7 responses to “Lefties probably tie their shoelaces wrong, too”

  1. Paul W.

    The USA is a very different country to Australia. To get elected President or even to Congress a person has to be much more conservative that any Australian politician would be.

    No open atheist for example could be elected President – he or she would crash in Middle America and the South.

    The last time the USA elected a northern liberal was JFK in 1960 and since then it has rejected five from Humphrey to Kerry. The Dems learned they had to have a mid-west moderate like Hillary or a southern conservative like Carter/Bill C. on the top of their tickets to be electorally competitive.

  2. kate

    Goodness. Does he realise he sounds like a fussy toddler? My Nan would never have stood for it (in her rural conservative kitchen) she was quite happy when I made her gnocchi for a change.

  3. Vicki

    It’s a class thing, not a food thing. The Dems are being painted as “latte-sipping sushi-munching pinot-swilling tax-eaters” because everyone knows that the real Americans, the good old boys like their Bud and a burger with fries. The food the Dems eat brands them as elite, educated; they think they’re better than you just because they know how many ns there are in “chardonnay.”
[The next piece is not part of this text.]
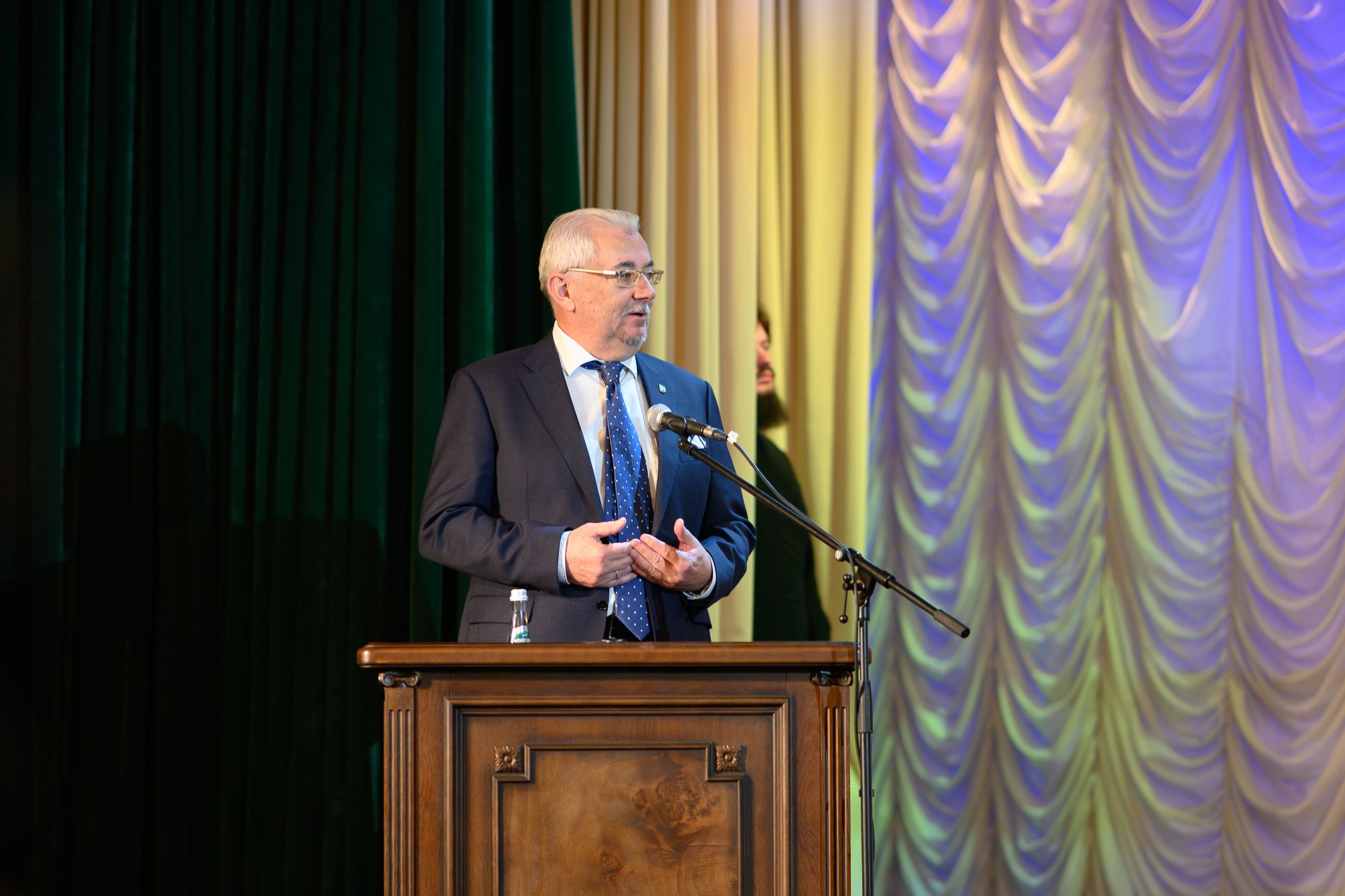Торжественный акт открыл ректор Московской духовной академии и наместник Троице-Сергиевой лавры епископ Сергиево-Посадский и Дмитровский Кирилл, который поздравил собравшихся с престольным праздником Покровского академического храма и актовым днём.

    It’s not the food. It’s class resentment all the way, believe me. At that’s rich, coming from the Republicans, but there it is. The middle-Americans who loved Bush loved him because he seemed like the kind of guy you could sit down and have a beer with. He was just like them, but rich too; they can see themselves in that position. Just reg’ler Ammurican with a huge bank account. The best of all worlds. The fact that he stabbed them in the back taxwise and that it’s their sons and daughters coming back from Iraq with PTSD and an odd number of limbs doesn’t change that perception, apparently.

  4. Cara

    I definitely agree that there is far greater diversity in terms of eateries in Australia than in the U.S. It hadn’t really struck me consciously before, because a lot of the foods just hardly exist here at all, due to cultural/immigration differences (for example, good luck finding Thai food, let alone a Lebanese restaurant, in anywhere but very large cities). And I am a very picky eater myself and prefer the burger and fries to the sushi, anyway. But it’s very true. Even the “non-American” foods widely available — Mexican, Chinese — here are generally very far from authentic.

    Cara’s last blog post..Remembering Dr. King

  5. orlando

    In the specifics of the food example, let’s not lose sight of the key observation Tigtog has made about the painting of someone’s differing tastes as a personal affront to those who don’t share those tastes. Believe it or not, this can be a canny strategy, tapping into that kind of instinctive schoolyard culture that so many people never grow out of. It always bewildered me at high school the way that something as innocuous as liking a different kind of music seemed to be taken as an act of aggression by many other students. People feel slighted when they don’t see affirmation of their own tastes mirrored around them, and a politician can exploit that.